PROBLEM TO SOLVE – All lines in the records below from the line with "Die Querstrebe der" through the line with "鍋にだし汁を入れて強火にかけ、煮立てば、シメジ、玉ネギを加える。" are to be given again exactly, both ends included; the pictures are to be left out.

RECORDED INFORMATION –

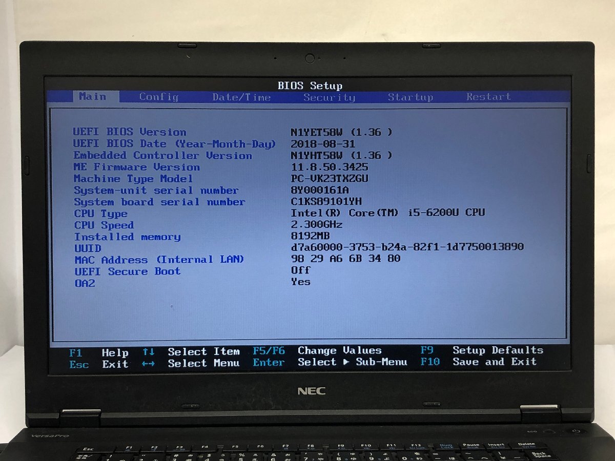 ジャンク/ NEC PC-VK23TXZGU Intel Core i5-6200U メモリ8.19GB ストレージ無し 【K22157】
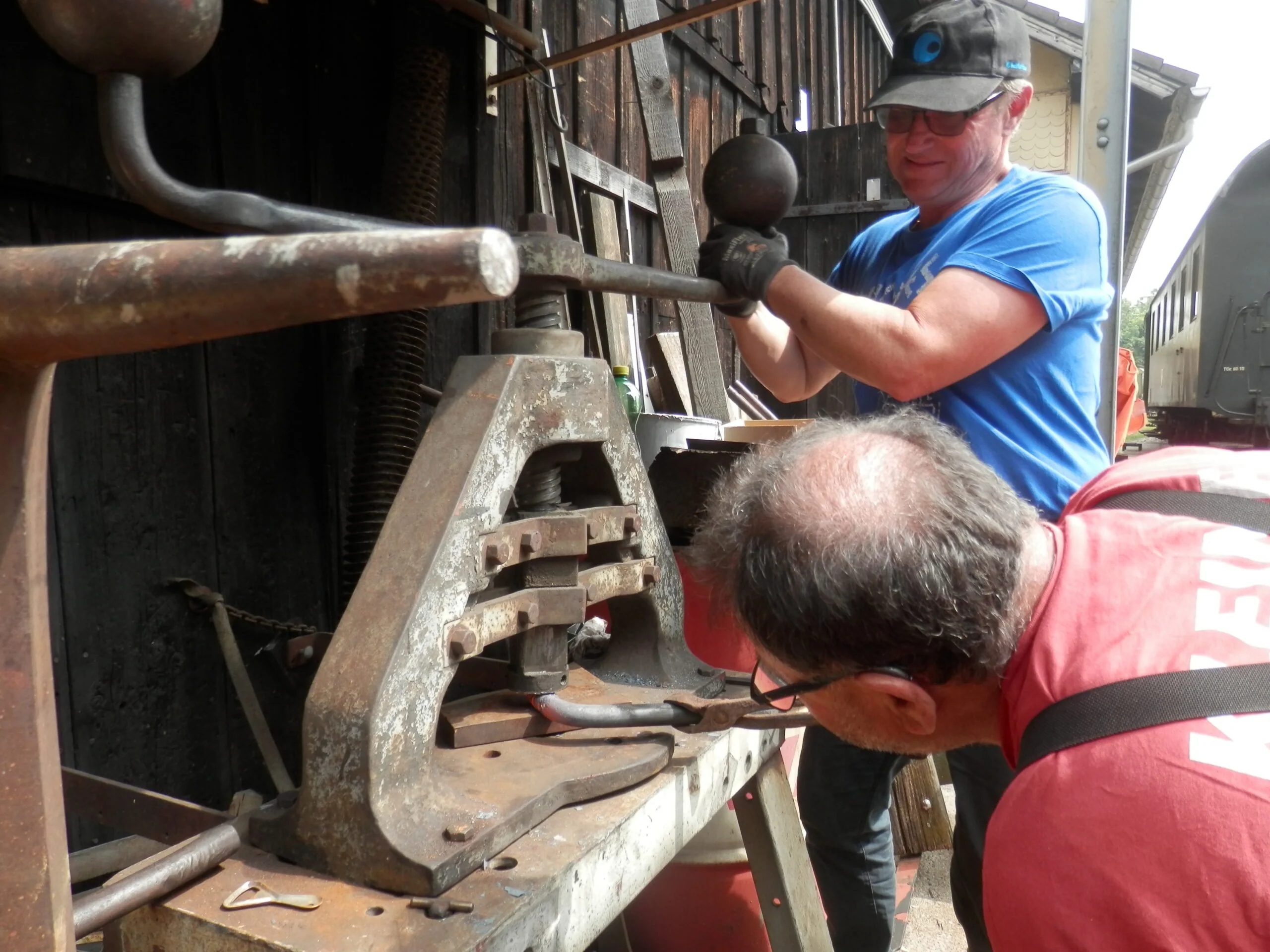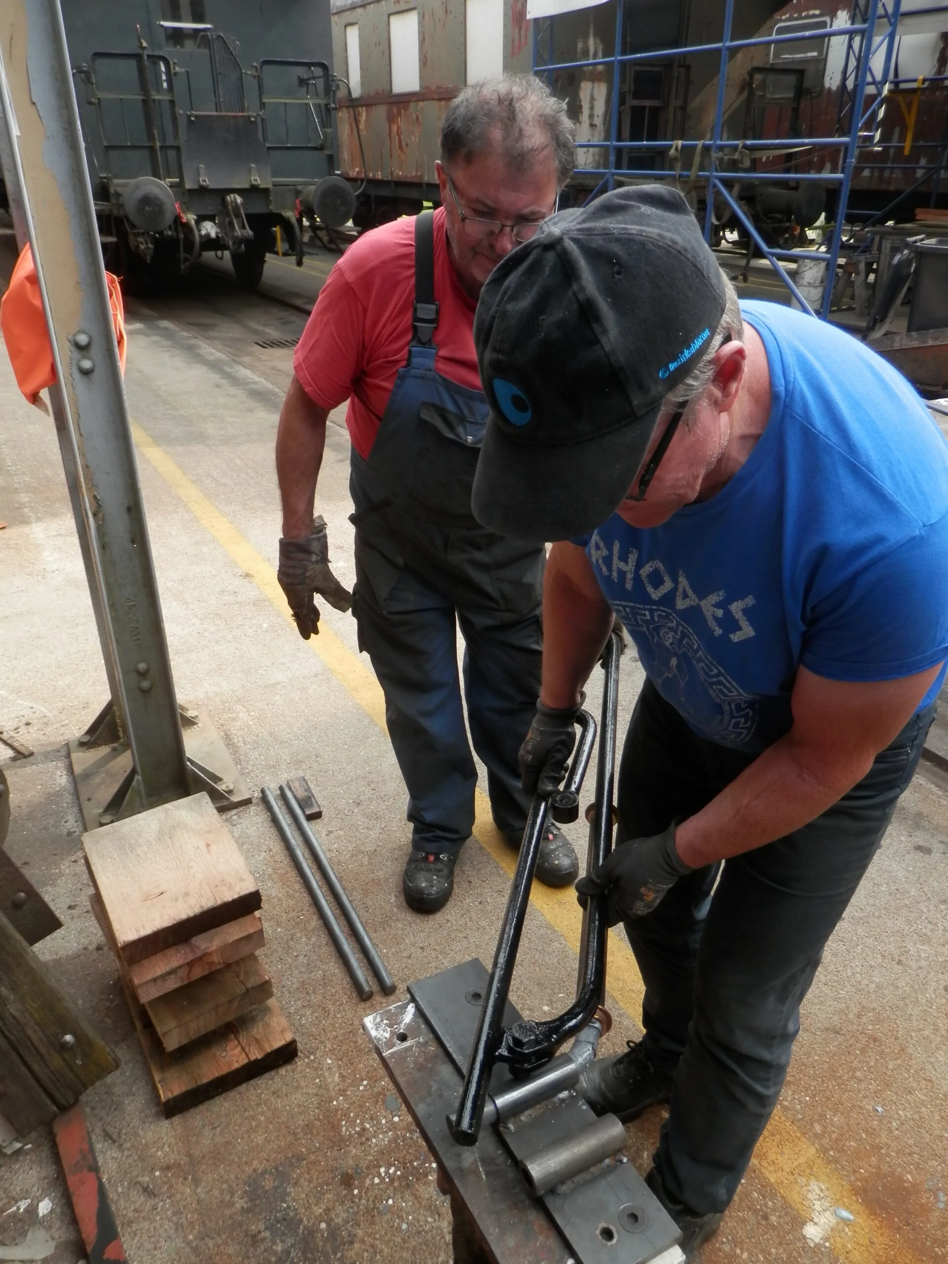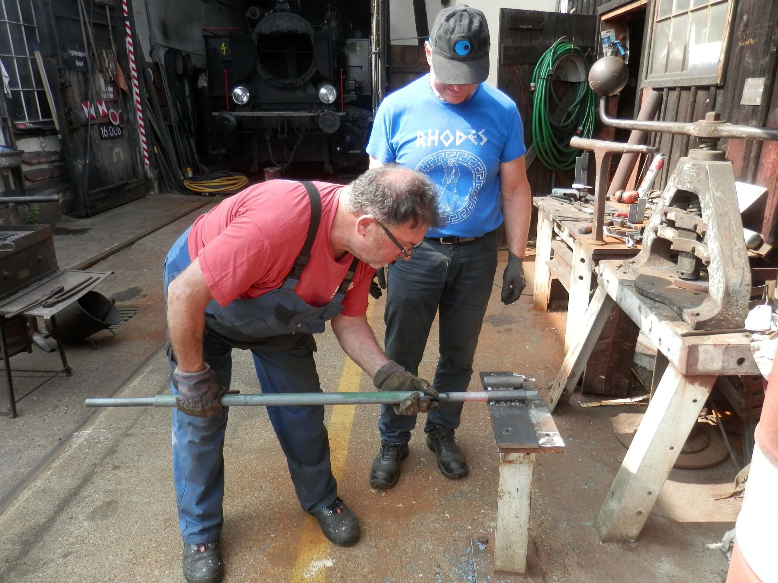 Die Querstrebe der Vorlegestange wird gebogen (25.06.10, Karl Wasinger)
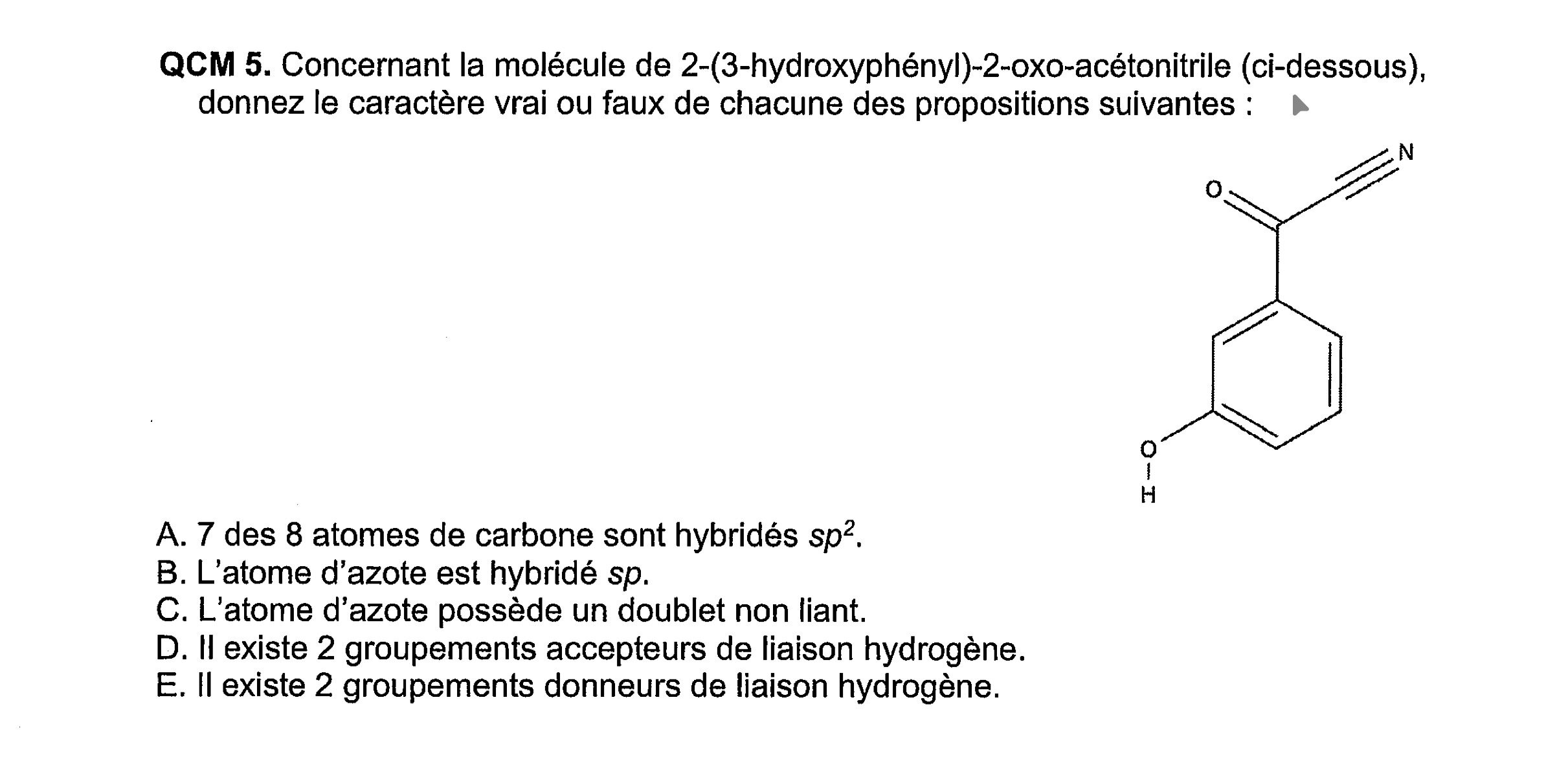 letartare06 Posted October 31 Author Posted October 31 il y a 20 minutes, danadal a dit : Salut ! Pour pouvoir répondre a ta question c’est de cet exo dont tu parles ? @danadal non c'est celui-ci QCM 5. Concernant la molécule d'ozone (8)- dont les atomes d'oxygène ne peuvent pas être arrangés sous une forme triangulaire et former une structure cyclique, donnez le caractère vrai ou faux de chacune des propositions suivantes A. Dans la molécule de O, l'atome d'oxygène central est hybridé sp2. B. La molécule de est linéaire. C. La molécule de présente 6 doublets non-liants. D. Le moment dipolaire global de la molécule de est nul. E. La molécule de est constituée de deux liaisons et une liaison . Quote
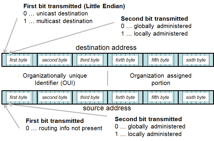 Figure 2: Structure of the Ethernet (MAC) destination and source addresses
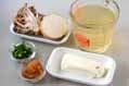 鍋にだし汁を入れて強火にかけ、煮立てば、シメジ、玉ネギを加える。
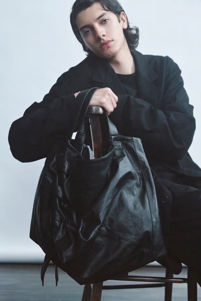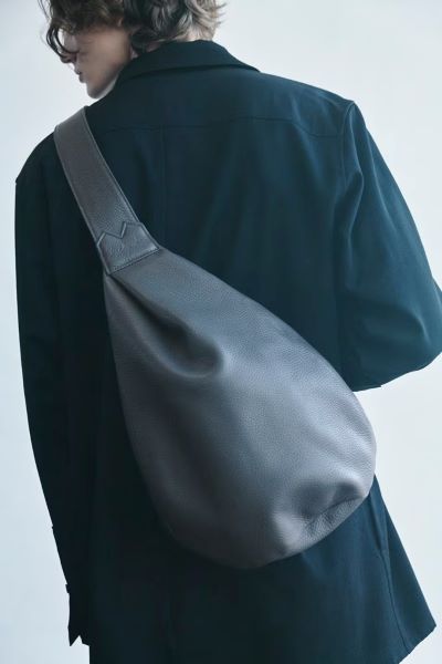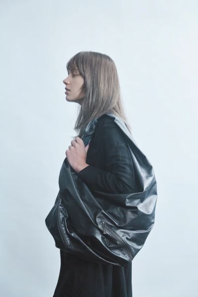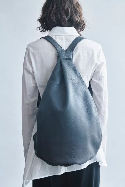 タックのようなデザインディテールと柔らかなシュリンクレザーがドレープを生み、中にものが入った時に美しく、身に着けた時に存在感が出るような、服をつくるように表現されたバッグ。
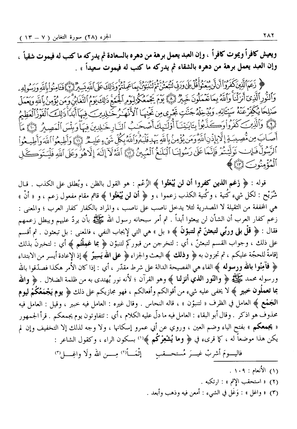 زَعَمَ الَّذِينَ كَفَرُوا أَنْ لَنْ يُبْعَثُوا قُلْ بَلى وَرَبِّي لَتُبْعَثُنَّ ثُمَّ لَتُنَبَّؤُنَّ بِما عَمِلْتُمْ وَذلِكَ عَلَى اللَّهِ يَسِيرٌ (7) فَآمِنُوا بِاللَّهِ وَرَسُولِهِ وَالنُّورِ الَّذِي أَنْزَلْنا وَاللَّهُ بِما تَعْمَلُونَ خَبِيرٌ (8) يَوْمَ يَجْمَعُكُمْ لِيَوْمِ الْجَمْعِ ذلِكَ يَوْمُ التَّغابُنِ وَمَنْ يُؤْمِنْ بِاللَّهِ وَيَعْمَلْ صالِحاً يُكَفِّرْ عَنْهُ سَيِّئاتِهِ وَيُدْخِلْهُ جَنَّاتٍ تَجْرِي مِنْ تَحْتِهَا الْأَنْهارُ خالِدِينَ فِيها أَبَداً ذلِكَ الْفَوْزُ الْعَظِيمُ (9) وَالَّذِينَ كَفَرُوا وَكَذَّبُوا بِآياتِنا أُولئِكَ أَصْحابُ النَّارِ خالِدِينَ فِيها وَبِئْسَ الْمَصِيرُ (10) مَا أَصابَ مِنْ مُصِيبَةٍ إِلاَّ بِإِذْنِ اللَّهِ وَمَنْ يُؤْمِنْ بِاللَّهِ يَهْدِ قَلْبَهُ وَاللَّهُ بِكُلِّ شَيْءٍ عَلِيمٌ (11)
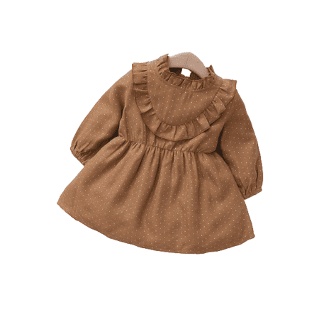 Mikrdoo Baby Girls Dress Wave Point 18 Months Girls Lotus Leaf Collar 24 Months Girls One Piece Winter Dress Brown
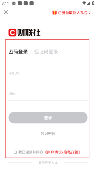 3、在登錄選擇頁面,輸入信息,同意協(xié)議后,點擊登錄即可完成登錄。
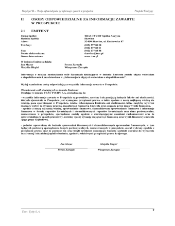 Rozdział II – Osoby odpowiedzialne za informacje zawarte w prospekcie Prospekt Emisyjny II OSOBY ODPOWIEDZIALNE ZA INFORMACJE ZAWARTE W PROSPEKCIE 2.1 EMITENT Firma Spółki: Siedziba Spółki: Adres: TRAS TYCHY Spółka Akcyjna Skawina 32-050 Skawina, ul. Krakowska 87 Telefony: (012) 277 88 00 (012) 277 88 01 (012) 277 88 88 [email protected] www.tras.pl Fax: Poczta elektroniczna: Strona internetowa: W imieniu Emitenta działa: Jan Mazur Matylda Birgiel Prezes Zarządu Wiceprezes Zarządu Informacja o miejscu zamieszkania osób fizycznych działających w imieniu Emitenta została objęta wnioskiem o niepublikowanie i przedstawiona w „Informacjach objętych wnioskiem o niepublikowanie”. Wyżej wymienione osoby odpowiadają za wszystkie informacje zawarte w Prospekcie. Oświadczenie osób działających w imieniu Emitenta: Działając w imieniu TRAS TYCHY S.A. oświadczamy że: - wszystkie informacje zawarte w Prospekcie są prawdziwe, rzetelne i nie pomijają żadnych faktów ani okoliczności, których ujawnienie w Prospekcie jest wymagane przepisami prawa, a także zgodnie z naszą najlepszą wiedzą nie istnieją, poza ujawnionymi w Prospekcie, istotne zobowiązania Emitenta ani okoliczności, które mogłyby wywrzeć znaczący wpływ na sytuację prawną, majątkową i finansową Emitenta oraz osiągane przez niego wyniki finansowe. - zgodnie z naszą najlepszą wiedzą, sprawozdanie finansowe, skonsolidowane sprawozdanie finansowe i informacje finansowe w formie raportów kwartalnych i skonsolidowanych raportów kwartalnych oraz dane porównywalne, zamieszczone w prospekcie, sporządzone zostały zgodnie z obowiązującymi zasadami rachunkowości oraz że odzwierciedlają w sposób prawdziwy, rzetelny i jasny sytuację majątkową i finansową oraz wynik finansowy emitenta i jego grupy kapitałowej. - podmiot uprawniony do badania sprawozdań finansowych i skonsolidowanych sprawozdań finansowych, w tym będących podstawą sporządzenia danych porównywalnych, zamieszczonych w prospekcie, został wybrany zgodnie z przepisami prawa oraz że podmiot ten oraz biegli rewidenci dokonujący badania spełniali warunki do wyrażenia bezstronnej i niezależnej opinii o badaniu, zgodnie z właściwymi przepisami prawa krajowego. Tras - Tychy S.A. Jan Mazur Matylda Birgiel Prezes Zarządu Wiceprezes Zarządu 9 Rozdział II – Osoby odpowiedzialne za informacje zawarte w prospekcie Prospekt Emisyjny 2.2 PODMIOTY SPORZĄDZAJĄCE PROSPEKT 2.2.1 TRAS TYCHY S.A. Firma: Siedziba: Adres: Telefony: TRAS TYCHY Spółka Akcyjna Skawina 32-050 Skawina, ul. Krakowska 87 (012) 277 88 00 (012) 277 88 01 (012) 277 88 88 [email protected] www.tras.pl Fax: Poczta elektroniczna: Strona internetowa: W imieniu Emitenta działa: Jan Mazur Matylda Birgiel Prezes Zarządu Wiceprezes Zarządu Informacja o miejscu zamieszkania osób fizycznych działających w imieniu Tras Tychy Spółka Akcyjna. została objęta wnioskiem o niepublikowanie i przedstawiona w „Informacjach objętych wnioskiem o niepublikowanie”. Osoby działające w imieniu Emitenta jako podmiotu sporządzającego Prospekt odpowiedzialne są za informacje zawarte w Prospekcie w następujących jego częściach: Rozdział II pkt 2.1, 2.2.1 oraz Rozdział VI, Rozdział VII, Rozdział IX, Załączniki nr I, III, V- IX. Według stanu na dzień sporządzenia Prospektu pomiędzy Emitentem, a osobami fizycznymi działającymi w imieniu Emitenta nie istnieją żadne powiązania personalne, kapitałowe, organizacyjne ani umowne za wyjątkiem opisanych w Rozdziale VI. Oświadczenie o odpowiedzialności osób działających w imieniu Tras Tychy S.A., jako podmiotu sporządzającego Prospekt Działając w imieniu Tras Tychy S.A. oświadczamy, że Prospekt w częściach, za których sporządzenie odpowiedzialna jest Tras Tychy S.A. został sporządzony z zachowaniem należytej staranności zawodowej oraz że informacje zawarte w częściach Prospektu, za których sporządzenie odpowiedzialna jest Tras Tychy są prawdziwe i rzetelne i nie pomijają żadnych faktów ani okoliczności, których ujawnienie w Prospekcie jest wymagane przepisami prawa. Tras - Tychy S.A. Jan Mazur Matylda Birgiel Prezes Zarządu Wiceprezes Zarządu 10 Rozdział II – Osoby odpowiedzialne za informacje zawarte w prospekcie 2.2.2 Prospekt Emisyjny INTUR KFS SP. Z O.O. – SPÓŁKA PRZEJMOWANA Firma: Intur Konstrukcje- Fasady- Spedycja Spółka z ograniczoną odpowiedzialnością Inowrocław ul. Marcinkowskiego 154, 88- 100 Inowrocław (052) 355 03 00 (052) 357 12 26 intur-kfs.pl www.intur-kfs.pl Siedziba: Adres: Telefony: Fax: Poczta elektroniczna: Strona internetowa: W imieniu Intur KFS Sp. z o.o. działa: Jan Mazur Prezes Zarządu Informacja o miejscu zamieszkania osoby fizycznej działającej w imieniu Intur KFS Sp. z o.o. została objęta wnioskiem o niepublikowanie i przedstawiona w „Informacjach objętych wnioskiem o niepublikowanie”. Osoba działająca w imieniu Intur KFS Sp. z o.o. jako podmiotu sporządzającego Prospekt odpowiedzialna jest za informacje zawarte w Prospekcie w następujących jego częściach: Rozdział II pkt 2.2.2, Rozdział VIII pkt 8.2.158.2.16 i pkt 8.4 oraz Załączmoki nr II, IV. Według stanu na dzień sporządzenia Prospektu pomiędzy Intur KFS Sp. z o.o., a osobą fizyczną działającą w imieniu Intur KFS Sp. z o.o. nie istnieją żadne powiązania personalne, kapitałowe, organizacyjne ani umowne za wyjątkiem opisanych w Rozdziale VI oraz w Rozdziale VIII. Oświadczenie o odpowiedzialności osób działających w imieniu Intur KFS sp. z o.o., jako podmiotu sporządzającego Prospekt Działając w imieniu Intur KFS sp. z o.o. oświadczam, że Prospekt w częściach, za których sporządzenie odpowiedzialna jest Intur KFS Sp. z o.o. został sporządzony z zachowaniem należytej staranności zawodowej oraz że informacje zawarte w częściach Prospektu, za których sporządzenie odpowiedzialna jest Intur KFS Sp. z o.o. są prawdziwe i

SOLUTION TO THIS EXERCISE –
 Die Querstrebe der Vorlegestange wird gebogen (25.06.10, Karl Wasinger)
 letartare06 Posted October 31 Author Posted October 31 il y a 20 minutes, danadal a dit : Salut ! Pour pouvoir répondre a ta question c’est de cet exo dont tu parles ? @danadal non c'est celui-ci QCM 5. Concernant la molécule d'ozone (8)- dont les atomes d'oxygène ne peuvent pas être arrangés sous une forme triangulaire et former une structure cyclique, donnez le caractère vrai ou faux de chacune des propositions suivantes A. Dans la molécule de O, l'atome d'oxygène central est hybridé sp2. B. La molécule de est linéaire. C. La molécule de présente 6 doublets non-liants. D. Le moment dipolaire global de la molécule de est nul. E. La molécule de est constituée de deux liaisons et une liaison . Quote
 Figure 2: Structure of the Ethernet (MAC) destination and source addresses
 鍋にだし汁を入れて強火にかけ、煮立てば、シメジ、玉ネギを加える。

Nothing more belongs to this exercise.